Women with diabetes were less likely to receive radiotherapy after BCS (OR 0.81) than women without diabetes, but the differences were no longer apparent after adjustment for other comorbidities and other factors. This is similar to findings from in a Canadian study of 4955 women with breast cancer and diabetes and 9910 matched control patients with breast cancer but without diabetes [10]. This study demonstrated a relative risk of 0.97 (95% CI 0.95–0.99) of having radiotherapy after BCS for women with diabetes compared to women without diabetes. After adjustment for cardiovascular disease, renal disease, dementia, and ADG score, the difference became not apparent in the rate of receipt of radiotherapy between women with diabetes who had BCS and those without diabetes [10]. This suggests that diabetes alone does not impact on the use of radiotherapy in women who have had BCS.

Treatment delay can adversely affect patient outcomes. Women with diabetes at cancer diagnosis were more likely to have greater than 31 days delay in having breast cancer surgery than women without diabetes. This is consistent with an earlier New Zealand study which demonstrated that comorbidity including diabetes is associated with a higher risk of having treatment delay after adjustment for ethnicity, surgery type, public/private hospital and other factors [30]. It is notable that there was no strong evidence for a differential delay after 90 days from diagnosis and so the clinical impact of the finding of delay may be minimal. Before adjustment for comorbidities and other factors, the diabetes group were more likely to have mastectomy instead of BCS than the non-diabetes group. However, the differences are no longer important after adjustment. This is consistent with other studies which showed that women who are older and have more comorbidities were more likely to have mastectomy instead of BCS than others [3, 31].

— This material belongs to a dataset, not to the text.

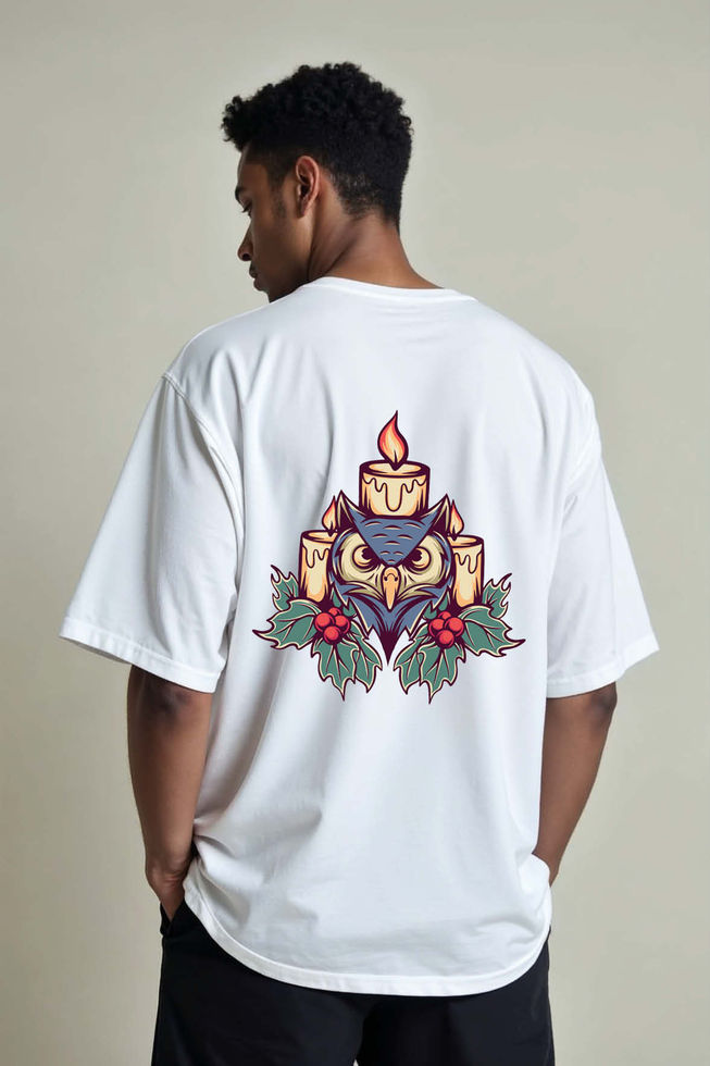Christmas Owl Candle Aesthetic Unisex Oversized Drop Shoulder T-Shirt

The strengths of this study include utilisation of the comprehensive NBCR recording detailed data on patient treatments including type of treatment and treatment date, and the use of a national prevalent diabetes database to establish diabetes status. This enabled us to examine the association of diabetes with breast cancer treatments and treatment delay. These breast cancer data were linked to other health data to allow for adjustment for the impact of comorbidities when estimating the impact of diabetes on breast cancer treatment. This study also has limitations. The VDR dataset does not differentiate between type 1 and type 2 diabetes, therefore we could not examine the differences between type 1 diabetes and type 2 diabetes on the impact of cancer treatment. As with most studies using existing data, we could not explore the reasons driving differences in treatment between the diabetes and non-diabetes group. For instance, a small proportion of women with localised breast cancer will receive neoadjuvant therapy and could be a confounding factor but these data were not available for inclusion in our modelling.

Conclusions

Diabetes has an impact on the surgical treatment of New Zealand women with breast cancer. Women with Stage I–III breast cancer and diabetes are less likely to undergo surgery but much of this difference was accounted for differences in age and the presence of other comorbidities of older patients with diabetes. Ethnicity also seems to be a confounding variable that is both associated with the presence of diabetes and the likelihood of not receiving surgery. Diabetes also seems to lower the likelihood of having breast reconstruction after mastectomy and leads to initial treatment delay. These differences need to be taken in to account when considering factors that may impact on overall outcomes for women with breast cancer and diabetes. This is especially true for those ethnic groups who have a high prevalence of diabetes and who have poorer outcomes from breast cancer such as Māori and Pacific women.